Transportation and abortion
With fewer than a week left to consider the hundreds of bills introduced in the biennial “short” session of the Virginia General Assembly, both the House of Delegates and the Senate have much work left to finish.
Neither body has completed its work on the second year of the state Budget.
Neither body has finished work on transportation funding bills in spite of the announced “compromise” reached by the Republican leaders of the House and Senate. Both houses seem poised to pass different versions, thus necessitating lengthy negotiating sessions lasting until the last days of the session.
I remain hopeful, but far from certain, that the leadership in both Houses can reconcile their differences before adjournment on February 24. In contrast to last year, it seems that there is broad agreement about the need for a statewide funding stream, plus regional plans in Northern Virginia and Tidewater.
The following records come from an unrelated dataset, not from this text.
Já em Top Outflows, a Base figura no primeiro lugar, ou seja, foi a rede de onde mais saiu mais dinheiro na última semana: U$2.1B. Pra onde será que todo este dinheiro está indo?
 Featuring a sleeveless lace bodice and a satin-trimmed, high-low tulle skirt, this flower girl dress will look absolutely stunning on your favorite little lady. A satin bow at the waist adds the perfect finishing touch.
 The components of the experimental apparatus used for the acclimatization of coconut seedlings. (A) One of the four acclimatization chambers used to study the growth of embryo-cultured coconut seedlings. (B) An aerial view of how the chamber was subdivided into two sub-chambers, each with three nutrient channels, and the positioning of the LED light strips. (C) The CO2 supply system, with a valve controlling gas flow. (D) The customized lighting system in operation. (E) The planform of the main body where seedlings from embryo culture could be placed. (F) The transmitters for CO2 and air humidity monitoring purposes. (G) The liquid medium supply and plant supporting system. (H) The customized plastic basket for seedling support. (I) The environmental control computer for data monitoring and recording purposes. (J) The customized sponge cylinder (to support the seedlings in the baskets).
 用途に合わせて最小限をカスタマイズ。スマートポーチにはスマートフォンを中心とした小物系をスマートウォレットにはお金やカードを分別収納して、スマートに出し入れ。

So far, except for the Northern Virginia plan, which has be-partisan sponsorship, Democrats have had little input.
Were it not for the Governor’s leadership, with aid Democratic leadership in the House and the Senate, I doubt that we would have more than a limited Northern Virginia proposal to consider.
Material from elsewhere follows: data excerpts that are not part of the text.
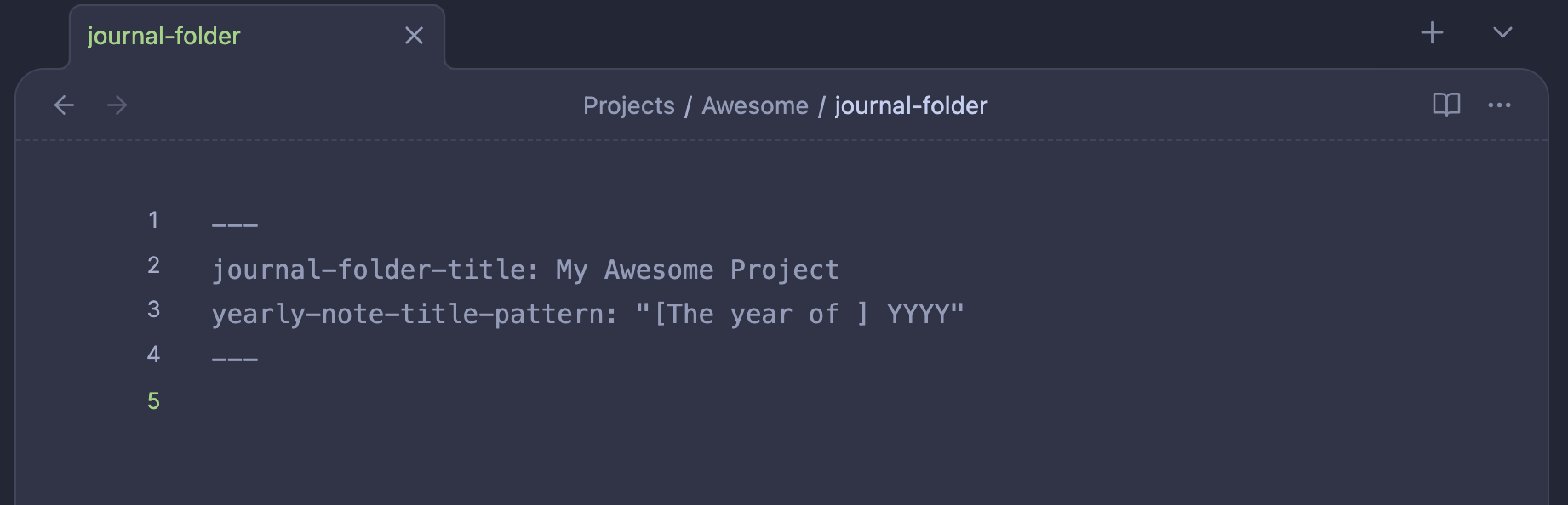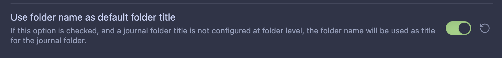 | journal-folder-title | The journal folder title is used in the rendering of journal headers as well as to identify the folder in other views. The journal folder title should typically be configured at folder level (i.e. as a front-matter property in the journal-folder note in the applicable folder). |
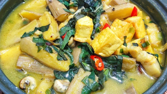 - Đổ thêm nước sao cho mực nước cao hơn mặt chuối khoảng 5cm, đợi nước sôi thì cho đậu vào, chỉnh lửa vừa, đun thêm khoảng 5 -7 phút nữa cho đậu ngấm, nêm nếm cho vừa miệng, thêm tía tô, lá lốt, hành lá vào nồi rồi tắt bếp, bắc ra, múc ra bát rồi thưởng thức luôn khi còn nóng, ăn cùng cơm hoặc bún đều rất ngon.
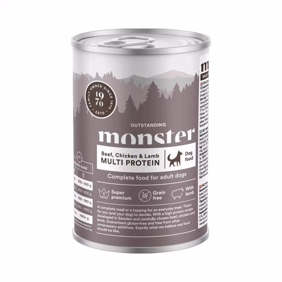 MONSTER Multi Protein Beef, Chicken & Lamb 400 g 49.00 SEK Produkten är tyvärr slut i lager. :( Bonuscard: 10% rabatt på hundmat! Är du medlem hos oss så registreras automatiskt dina köp hos oss. Eventuella rabatter återbetalas direkt efter ditt köp. Gäller ej kampanjvaror. Bli medlem idag! Alltid när du handlar hos Bow Wow Betala enkelt med Klarna faktura, kort, swish eller bankbetalning. Snabba leveranser från eget lager. Enkla byten och returer. Fri frakt över 599kr. Information Recensioner Blötmat med en näringsrik blandning av välsmakande nötkött, kyckling och lamm. Komplett måltid eller bara lite guldkant på vardagen. Det bestämmer du (och din hund). Vårt recept är framtaget i Sverige med noggrant utvalda ingredienser – fritt från onödiga tillsatser! Precis så som vi tycker att en blötmat ska vara.Multiprotein.Utan onödiga tillsatser.100% spannmålsfri.Svenskt recept.
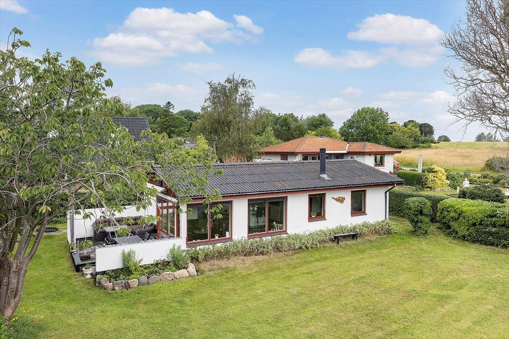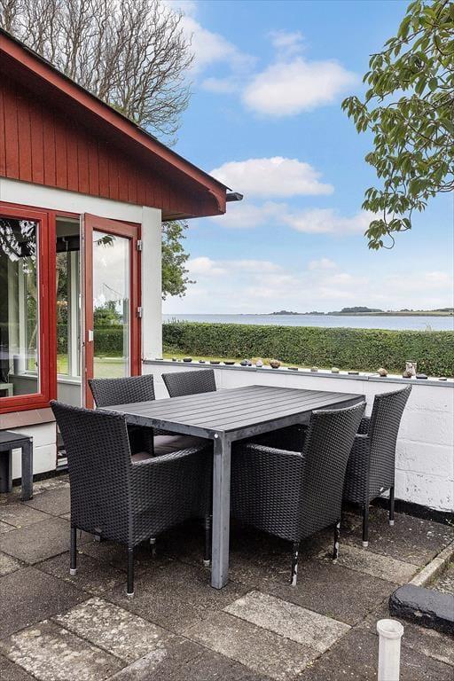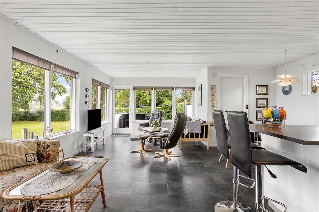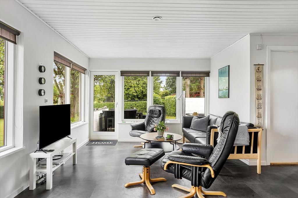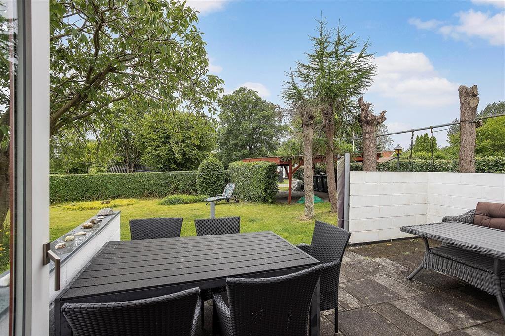 Udenfor venter en dejlig have og terrasse, hvor du kan nyde solen og den friske luft. Den grønne plæne er perfekt til en afslappende stund i solen eller til at lege og hygge sig med børnene. På den store terrasse kan du nyde måltider udendørs, og om aftenen er det en skøn oplevelse at tænde grillen og tilberede din middag under åben himmel. Uanset om du ønsker at sidde med en kop kaffe og læse en god bog eller blot slappe af og nyde den rolige atmosfære, så er der rig mulighed for det her. Fra haven kan du nyde den smukke natur, og den korte afstand til vandet betyder, at du kan høre bølgerne og mærke den forfriskende havluft.
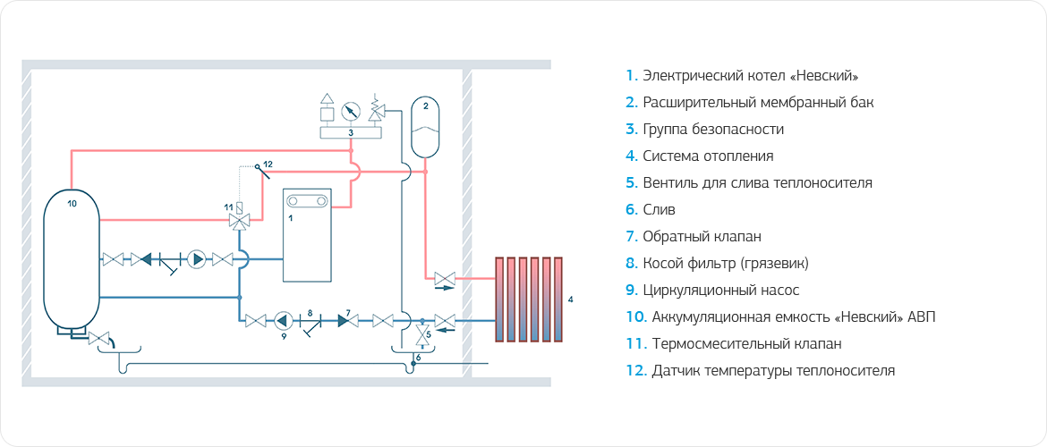 Схема подключения электрокотла в отопительную систему с теплоаккумулятором

Since the Senate has passed substantial plans before, only to see them die in the House over the objections of Democrats, the critical votes will take place in the House late this week. If a House plan is passed that addresses the two regional needs and has a strong state-wide component, there may be a majority for some new funding, including transit, that the Governor can sign.
It is important to remember that the Governor has the last word. Therefore, if the proposals are not sufficient, he can propose amendments to them.
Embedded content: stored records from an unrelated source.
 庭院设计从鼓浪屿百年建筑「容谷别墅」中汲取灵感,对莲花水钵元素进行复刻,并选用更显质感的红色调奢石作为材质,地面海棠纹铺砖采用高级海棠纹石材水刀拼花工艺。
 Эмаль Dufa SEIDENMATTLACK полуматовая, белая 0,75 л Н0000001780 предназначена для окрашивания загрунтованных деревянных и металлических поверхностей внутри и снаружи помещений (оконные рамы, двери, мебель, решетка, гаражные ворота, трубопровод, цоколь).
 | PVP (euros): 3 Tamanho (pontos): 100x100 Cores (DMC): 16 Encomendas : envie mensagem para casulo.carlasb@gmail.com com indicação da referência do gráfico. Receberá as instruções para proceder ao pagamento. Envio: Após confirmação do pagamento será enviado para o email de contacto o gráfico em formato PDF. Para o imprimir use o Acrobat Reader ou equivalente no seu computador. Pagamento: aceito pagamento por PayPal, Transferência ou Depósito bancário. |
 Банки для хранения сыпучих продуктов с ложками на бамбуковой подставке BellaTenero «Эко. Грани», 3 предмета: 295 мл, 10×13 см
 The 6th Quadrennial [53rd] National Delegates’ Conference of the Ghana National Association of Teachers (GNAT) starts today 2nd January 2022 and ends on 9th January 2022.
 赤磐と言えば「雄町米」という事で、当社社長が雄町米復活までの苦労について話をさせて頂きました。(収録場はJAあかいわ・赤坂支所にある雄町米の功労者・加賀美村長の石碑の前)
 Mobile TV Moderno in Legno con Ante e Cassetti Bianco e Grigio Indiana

Of course, there are many other important issues on our agenda, including many bills to restrict or abolish legal abortion in Virginia. Delegate Bob Marshall of Prince William County is the sponsor of many bills attacking re-productive rights in Virginia. He was the leader of the effort to amend Virginia’s Constitution last year to ban same-sex marriage and civil unions.
Several of Delegate Marshall’s bills will pass the House. The Senate Education and Health Committee will then be the focus of the debate.
In the past, that committee has killed several far-reaching restriction proposals by 1 or 2 votes. A lot of national attention will focus again on the Virginia and lead to important debates in the campaign season in the fall.
Barack Obama in Virginia
Senator Barack Obama will be the featured speaker in Richmond on February 17 at the annual Jefferson-Jackson Day Dinner. It now appears that this fundraising event for the Virginia Democratic Party will be largest in the history of the state, and will focus national media attention on Virginia, not unlike Senator Jim Webb’s victory in Virginia. I am looking forward to hearing and seeing Senator Obama.